The war and its insidious cousin – land-grabbing – have forced them out of their homeland.  Now they are in Metro Manila, in Baguio, in Central Luzon, and in practically every major urban center of the archipelago.  They sell pearls, pirated DVDs, and smuggled goods. Forced by circumstances unique to displaced people, they inhabit the lower rungs of the informal economy.  Their assimilation into the mainstream is skin-deep; they remain a separate people, steeled by their faith, and bound together by a shared dream to regain their homeland.

That they are currently uprooted from their homeland does not mean they stop being Moros.  The man who sells DVDs in Quiapo or pearls in Greenhills, may be far from the war, but he is not psychologically distant from its horror.  It is naïve to think that he no longer cares what happens in Panamao, Patikul, or Parang.  He may not himself plant a bomb in a bus full of innocent people to express his outrage, but maybe, whether he knows it or not, he is sheltering someone who would.
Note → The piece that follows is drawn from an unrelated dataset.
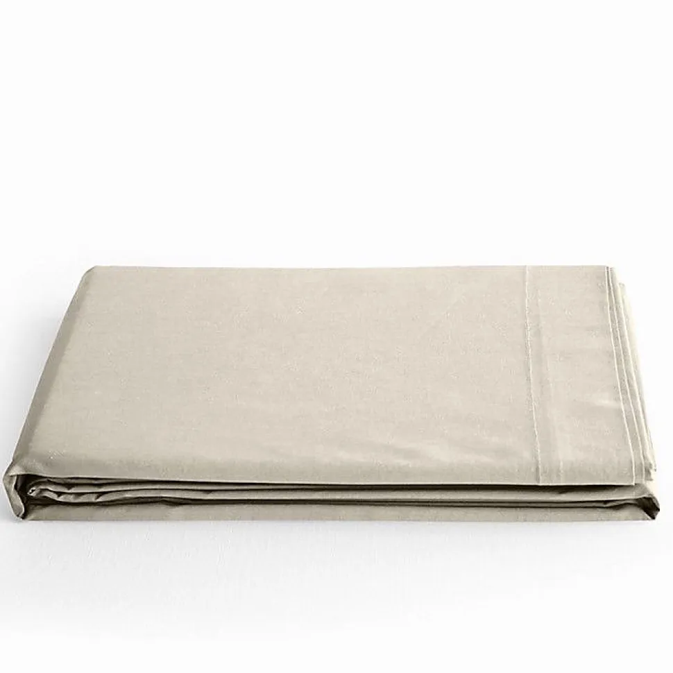 Drap plat Premium 100% coton 57 fils/cm² — douceur et tenue supérieures. Disponible en 180 x 290 cm (1 place) et 240 x 300 cm (2 places). Couleur Sable uni. Certifié Oeko-Tex. Entretien simple, lavage à 40°.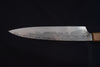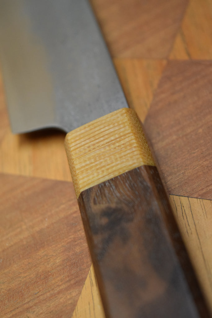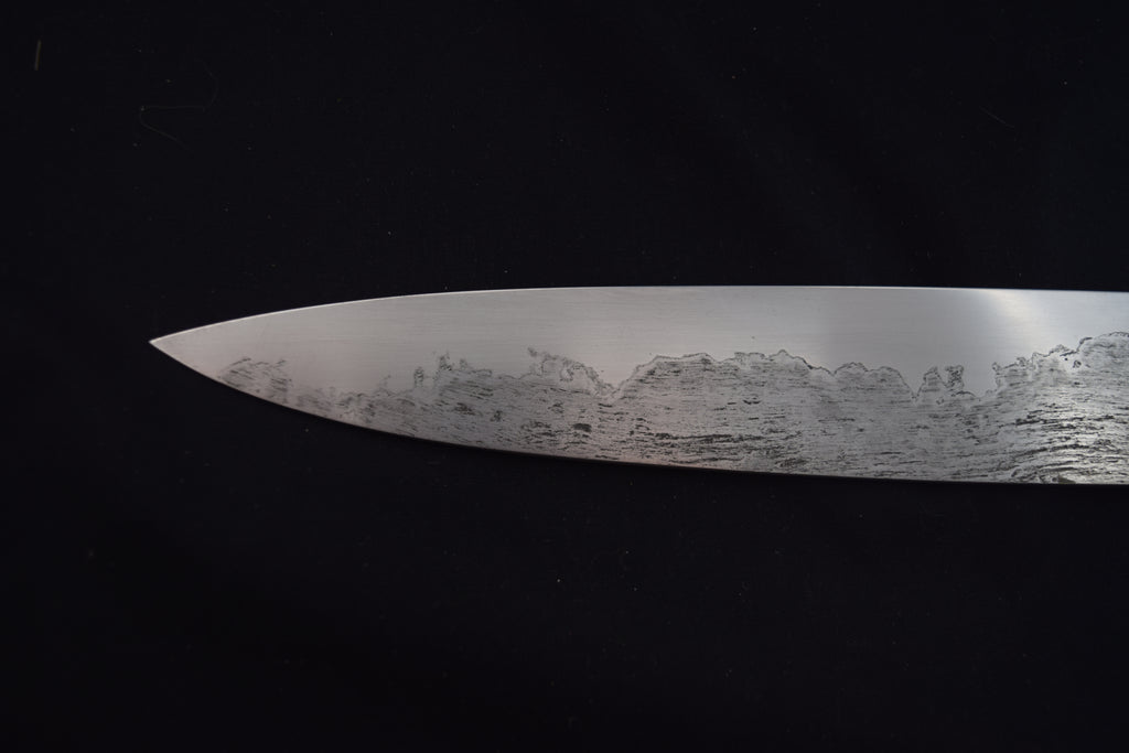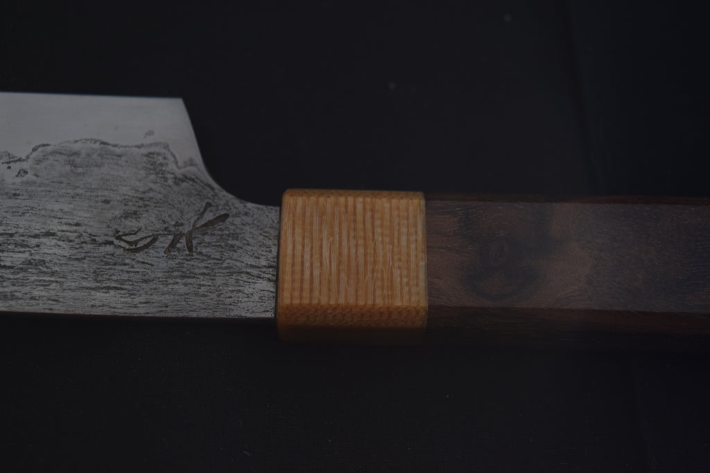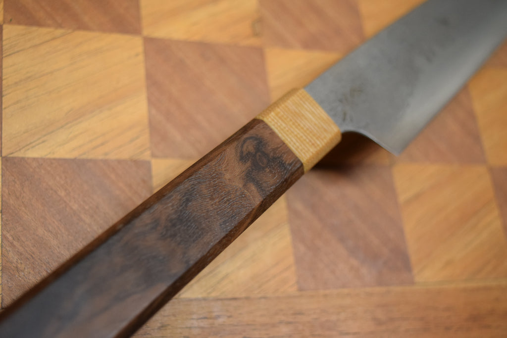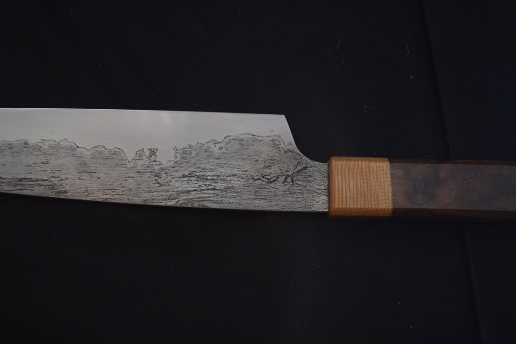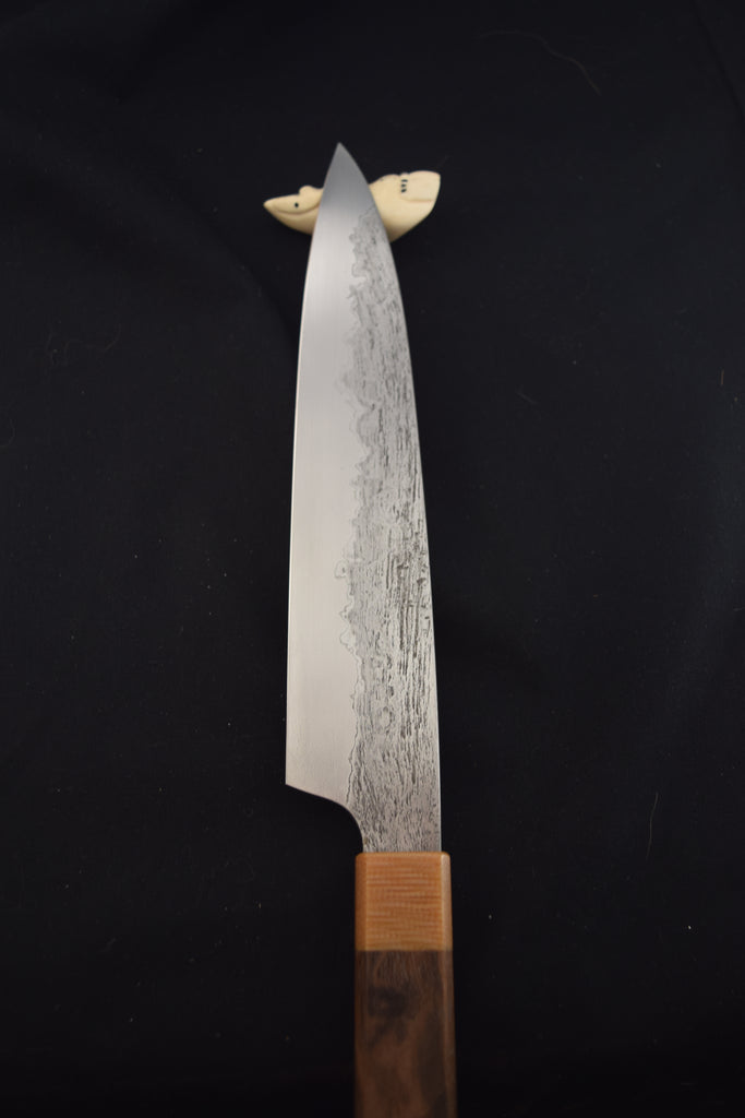 Slicer/gyuto made in anchor chain wrought iron and 1084 high carbon steel. The highly figured wrought iron cladding, thin, light knife with house stabilized Claro walnut and vintage micarta bolster. Thin, light but balanced knife. Handle is long, so as to be customized to buyers preference.

Anyone who thinks it is possible to confine the hostilities to the remote villages of Sulu, and win a decisive victory there, without provoking retaliation elsewhere betrays a cockeyed view of the world.

The new American vocabulary of global anti-terrorism is a paradigm of such a stilted view of reality.  It may give us what seems like an informed way of looking at world events, but it will not shield us from the horrific consequences it creates or makes possible.  When a bomb is dropped on a community in Sulu, we call it a military operation.  But when a bomb is exploded in Metro Manila, we call it a terrorist attack.  That is not the way a Moro militant would view it. Both events, to him, are integral aspects of the same war.

And yet, by calling these isolated attacks on civilian targets the handiwork of the Jemaah Islamiyah, or to elements linked to the alQaeda, we draw attention away from their basic local roots.  We confer upon them a global conspiratorial character they do not possess.  I do not condone terrorism of any kind.  But this semantic arrogance not only blinds us to the real sufferings of people at the receiving end of state aggression, it also induces in us a moral smugness that justifies simplistic solutions to human problems.

But we have earned a minor place in the US-led war on terrorism – a role that compels us to give up a part of our rights as a nation in exchange for military and economic assistance.  We have brought American forces right into the door of the Mindanao conflict, in total violation of the letter and spirit of the 1987 Constitution.

The Mindanao conflict is complex enough as it is without having to locate it in the American world map of global terrorism.  Its roots go back to the unsuccessful wars of pacification under the Spanish and American colonial regimes.  The new Philippine Republic rode on the inertia of these colonial expeditions.  It spread its rule, its settlers and carpetbaggers, all over Mindanao, completely ignoring the ancestral domains of the native peoples and the sovereign rights of the sultanates that had administered these territories since pre-colonial times.

Land is what the Moros lost, and a homeland is what they hope to recover.  Everything else – Misuari, Salamat, the MNLF, the MILF, the Abu Sayyaf – is but a footnote in a just struggle that will never be resolved by war.